Bears are much like humans....not all get 'big'......some 'ol gals' may only get to 120#....some may get there by their 'sophomore year'.......
 
How do you know it was 2....
Bears are much like humans....not all get 'big'......some 'ol gals' may only get to 120#....some may get there by their 'sophomore year'.......
I spend a great deal of time up there. His/Her curiosity gives away the age. I would go so far as to say he was just pushed out by mom. It would be the smallest adult black bear I've seen in the Colville National Forest. This is the difference of being out in the forest and just reading about it.
 
This shallow little stream is probably the best fly fishing in Washington
It drains into the Pend Oreille River which then dumps into the Columbia River north of the border. If you want great small stream fish Crab Creek in Grant County. Big bows are common. Don't bring your 3-4wt to that one.
PS. We make a day of it with calling coyotes in the scab rocks.

 
Parts of NE WA are sort of a wilderness haven in a huge populated (Pugetropolis) urban state. Most Seattle & urban WA residents don't have clue how remote & wild parts of NE WA are.

As for Crab Creek in Lincoln County, WA - Hardings Rd & Rt 23, spent many hours there shooting rockchucks - alfalfa & talus slopes. Tiny little rainbow trouts & other small fishes in Crab Creek. Lots of rattle snakes near marshy wet areas.
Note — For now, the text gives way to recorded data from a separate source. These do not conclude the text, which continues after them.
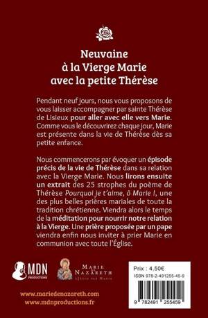Pendant neuf jours, nous vous proposons de vous laisser accompagner par sainte Thérèse de Lisieux pour aller avec elle vers Marie. Comme vous le découvrirez chaque jour, Marie est présente dans la vie de Thérèse dès sa petite enfance. Nous commencerons par évoquer un épisode précis de la vie de Thérèse dans sa relation avec la Vierge Marie. Nous lirons ensuite un extrait des 25 strophes du poème de Thérèse Pourquoi je t'aime, ô Marie !, une des plus belles prières mariales de toute la tradition chrétienne. Viendra alors le temps de la méditation pour nourrir notre relation à la Vierge. Une prière proposée par un pape viendra enfin nous inviter à prier Marie en communion avec toute l'Église.
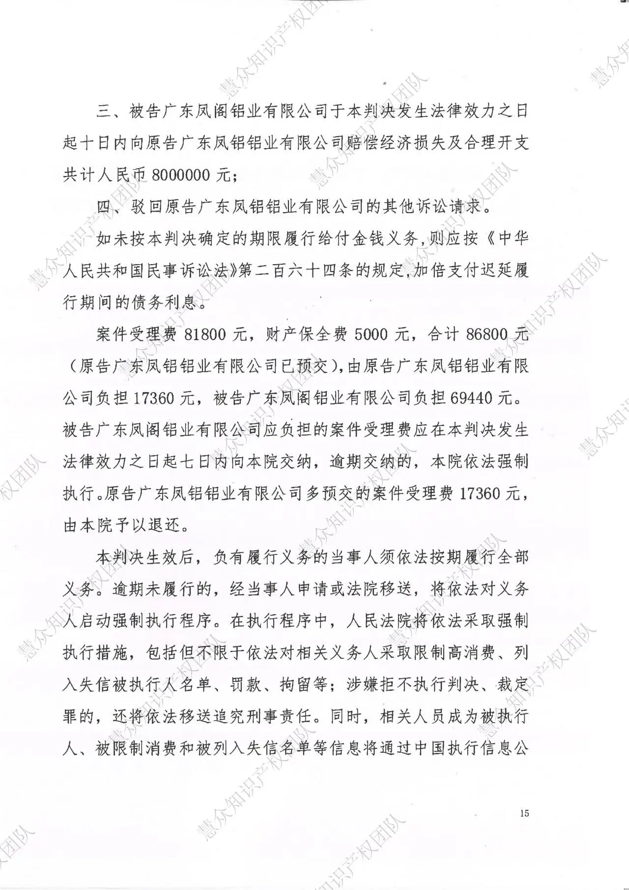 大兴安岭判赔800万!辉知队代理“凤铝”商标维权案胜诉
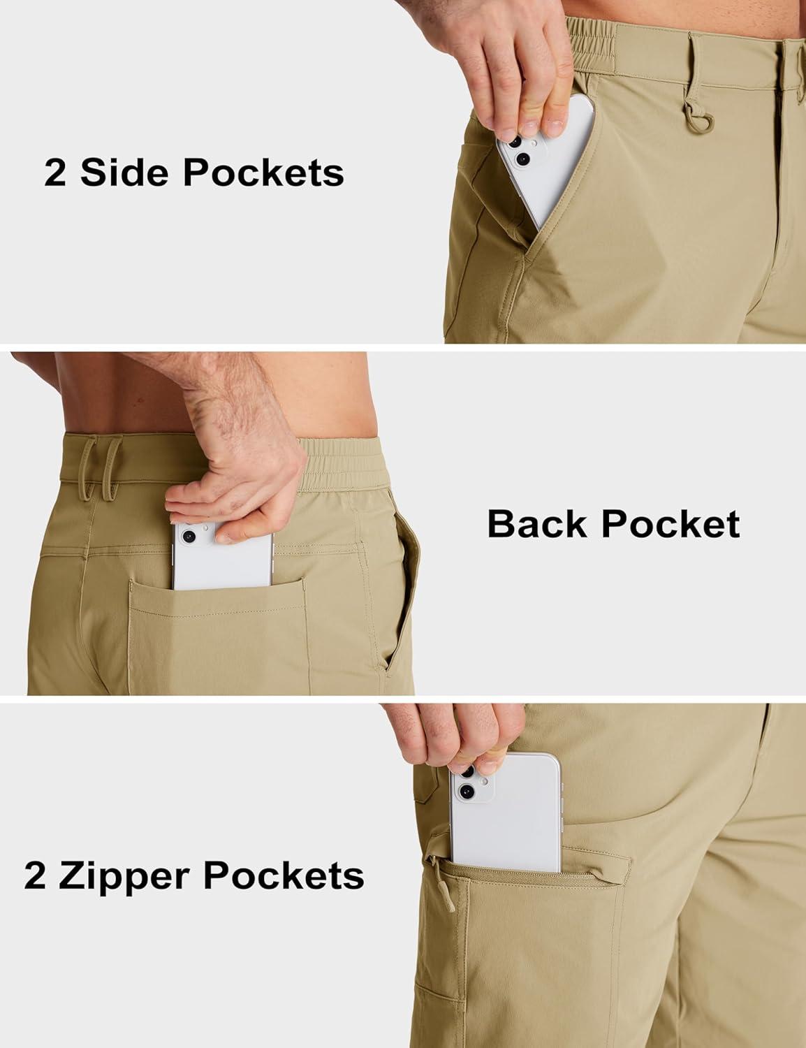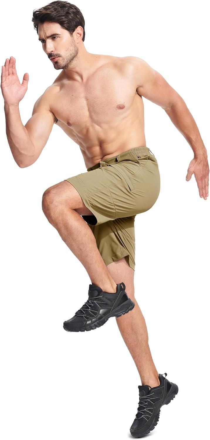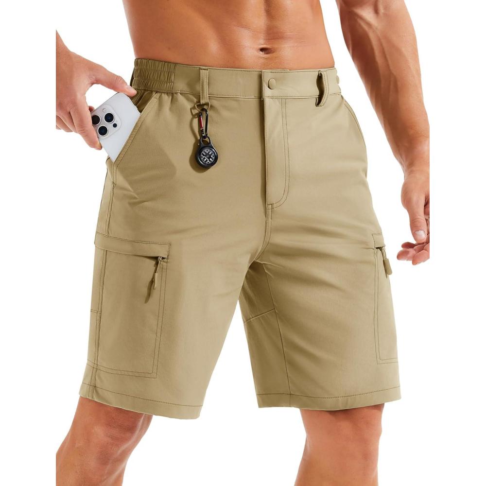 MAGCOMSEN Men’s Hiking Cargo Shorts Quick Dry Lightweight 9″ Golf Shorts Summer Casual Work Outdoor with 5 Zipper Pockets(Khaki)
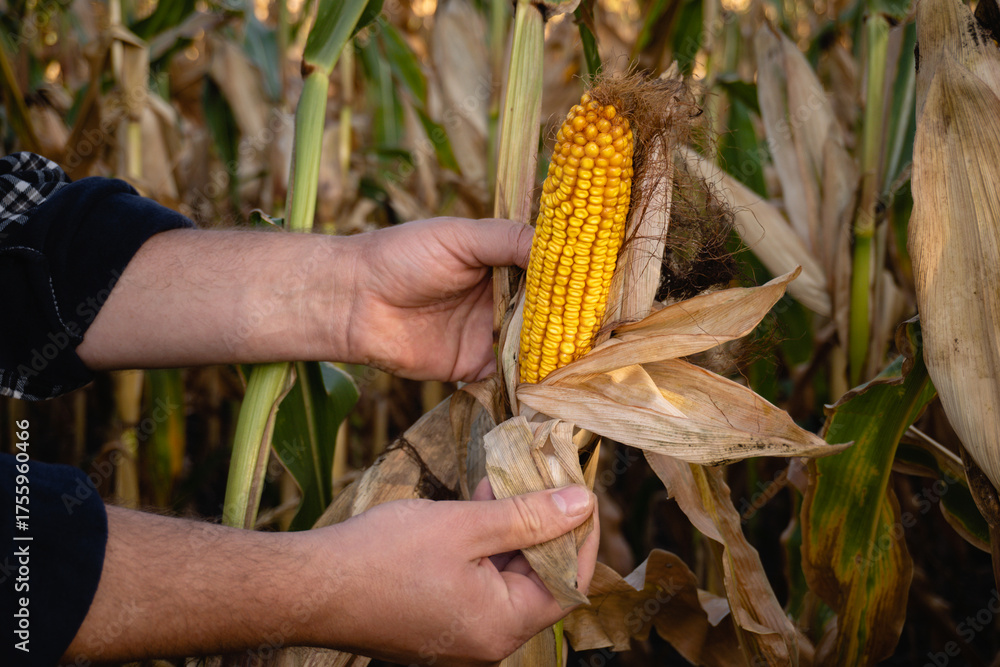 A person carefully checks a ripe ear of corn in a cornfield as the sun begins to set. The surrounding plants show signs of maturity, highlighting harvest time
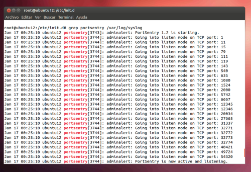 root@ubuntu12:/etc/init.d# grep portsentry /var/log/syslog
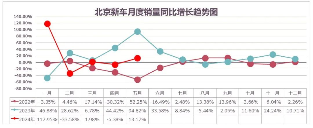 - 1—5月北京累计交易新车25.37万辆,同比去年23.04万辆累计增长10.11%,增幅高于全国1.81个百分点。
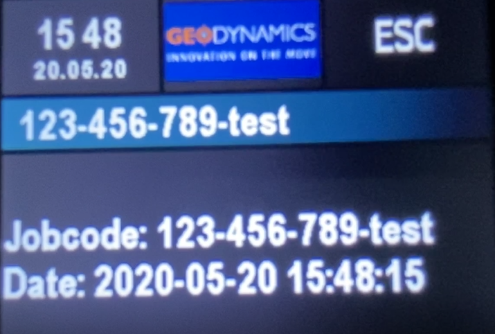 De ingescande code verschijnt op het scherm. Druk op het gebied met de tekst Scan job:[jobcode] om te bevestigen of annuleer via de knop ESC.
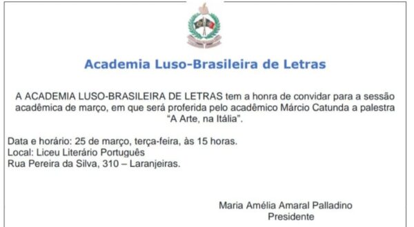 – Dia 25/03 , terça-feira, às 15 horas, a ACADEMIA LUSO-BRASILEIRA DE LETRAS terá a sessão acadêmica de março proferida pelo acadêmico Márcio Catunda com a palestra “A Arte, na Itália”. Local: Liceu Literário Português Rua Pereira da Silva, 310 — Laranjeiras.
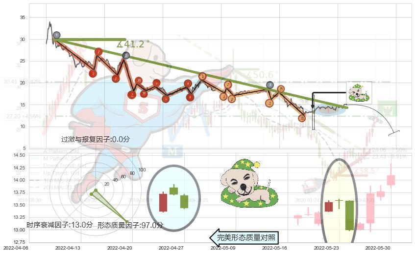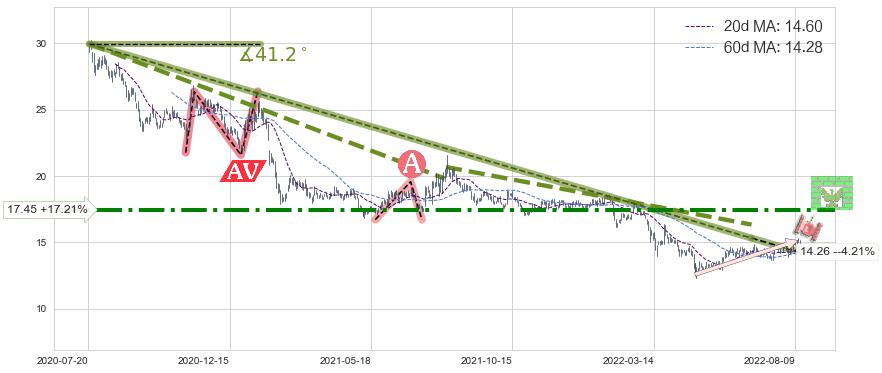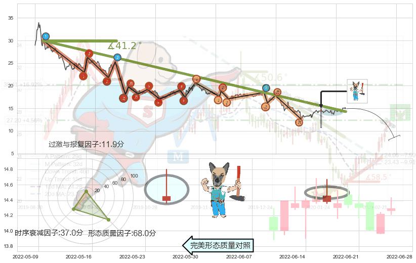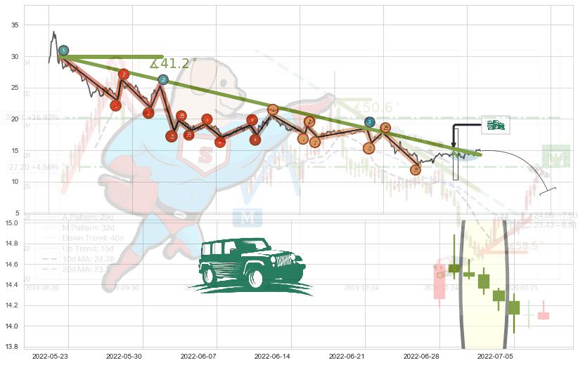 🦴 长线均值回复组合短线趋势跟踪[强阻力信号]2020-07-21-2022-06-27下跌趋势依然成立(下跌趋势跟踪依然存在),短线价格略微上行反弹(均值回复猜想),即将接近下跌趋势提供的未破位阻力价格:14.26。
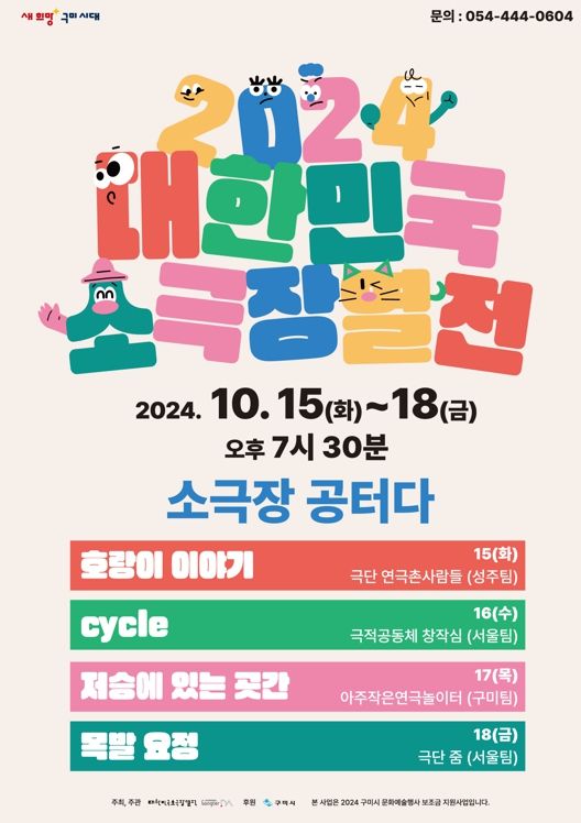 [경남도민뉴스=이돈휘 기자] 구미시는 15일부터 18일까지 소극장 공터다에서 (사)문화창작집단 공터다(대표 황윤동)가 주관하는 '2024 대한민국 소극장열전'을 개최한다.
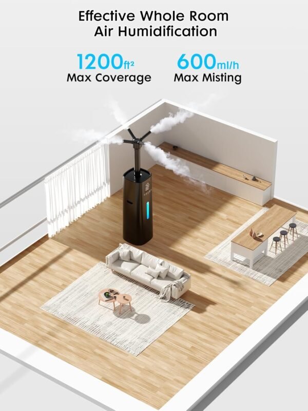 15L/4Gal Humidifier Large Room, 600mL/h Misting, 1200ft² Coverage, Auto Humidity Control, 72H Runtime, Top Fill, Aroma Diffuser, Sleep Mode, 12H Timer, Auto Shutoff Protection
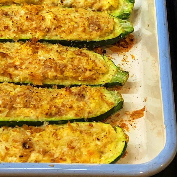 今日の夕食 ズッキーニのツナ味噌チーズ焼きやふーさなぷーの欲張りブログ。
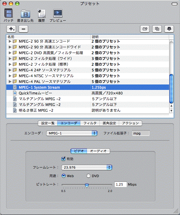 ※Compressor1.2は既にダウンロード可能になっていますが、MPEG-1のプリセットは用意されていません。ここでご紹介した画面では、新たにプリセットを作成してみました。
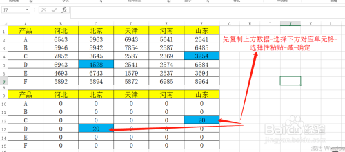 进入选择性粘贴选择框后,单击运算下方的“减”,然后点击确定
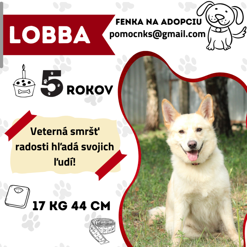 🐕🦺 Lobba si z minulosti nesie zranenie zadnej nohy, kvôli ktorému potrebuje citlivý prístup, najmä pri manipulácii a fixácii. Je to trošku svojhlavá dáma, ktorá rešpektuje jasné hranice, takže hľadá človeka, ktorý vie, čo chce, a dokáže jej to láskavo ukázať.
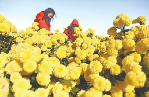 11月18日,河南省焦作市溫縣黃河街道下石井村一家懷藥種植專業(yè)合作社員工在采收懷菊花。時下,各地農(nóng)民搶抓農(nóng)時,加緊開展采收、晾曬、銷售等工作,一片繁忙景象。
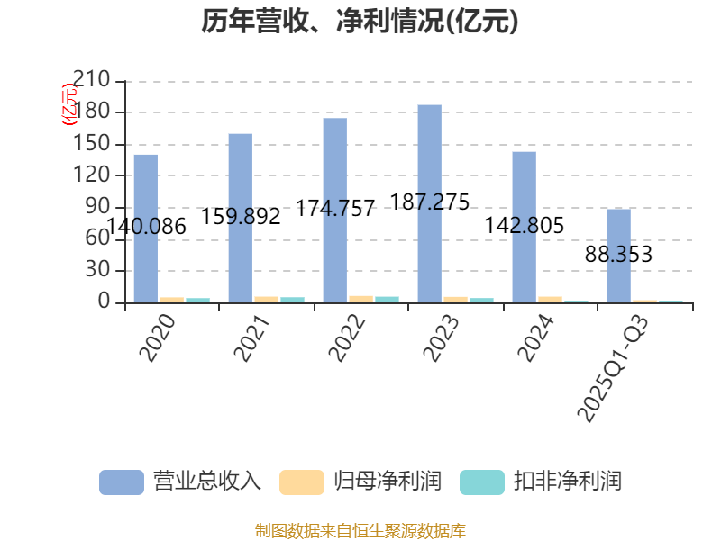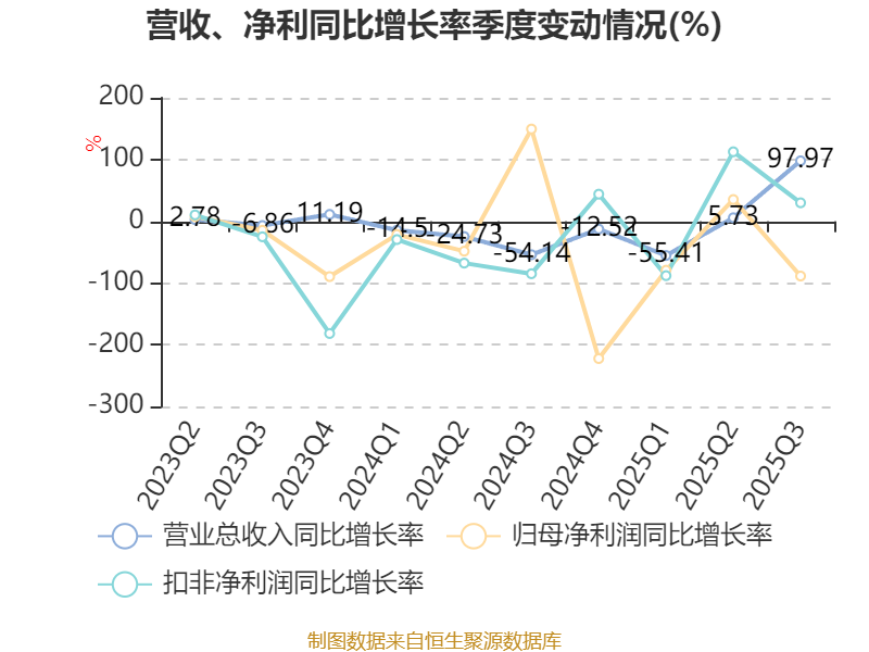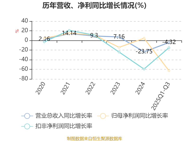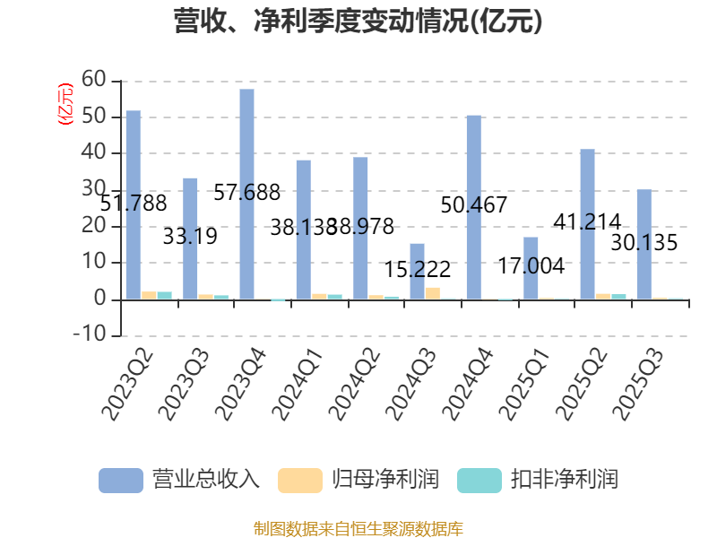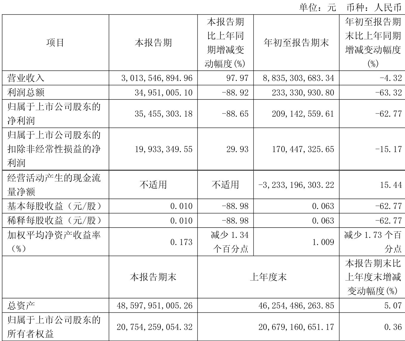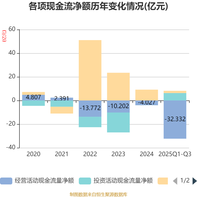 2025年前三季度,公司经营活动现金流净额为-32.33亿元,同比增加5.9亿元;筹资活动现金流净额1.93亿元,同比减少15.71亿元;投资活动现金流净额6.25亿元,上年同期为2.01亿元。

The channeled scablands around Sprague WA are a result of a series of huge floods caused by failure(s) of a 2000-foot-high ice dam located between Clark Fork ID & Noxon MT, that backed up Lake Missoula, 13,000 to 15,000 years ago. Huge blasts of water gushed down from the ancient Lake Missoula thru N Idaho pan handle then just north of Spokane then to the Sprague WA area then SW to Colombia River. The channeled scablands consist of many pothole like features some 50 to 200 yards wide having basalt rims with steep slopes. Viewing this area from a distance it appears to flat but when crossing on foot the potholes appear & make for a circuitous route. Lots of hidden wildlife like deers & coyotes down in the potholes (basins). Not good farmland for growing wheat.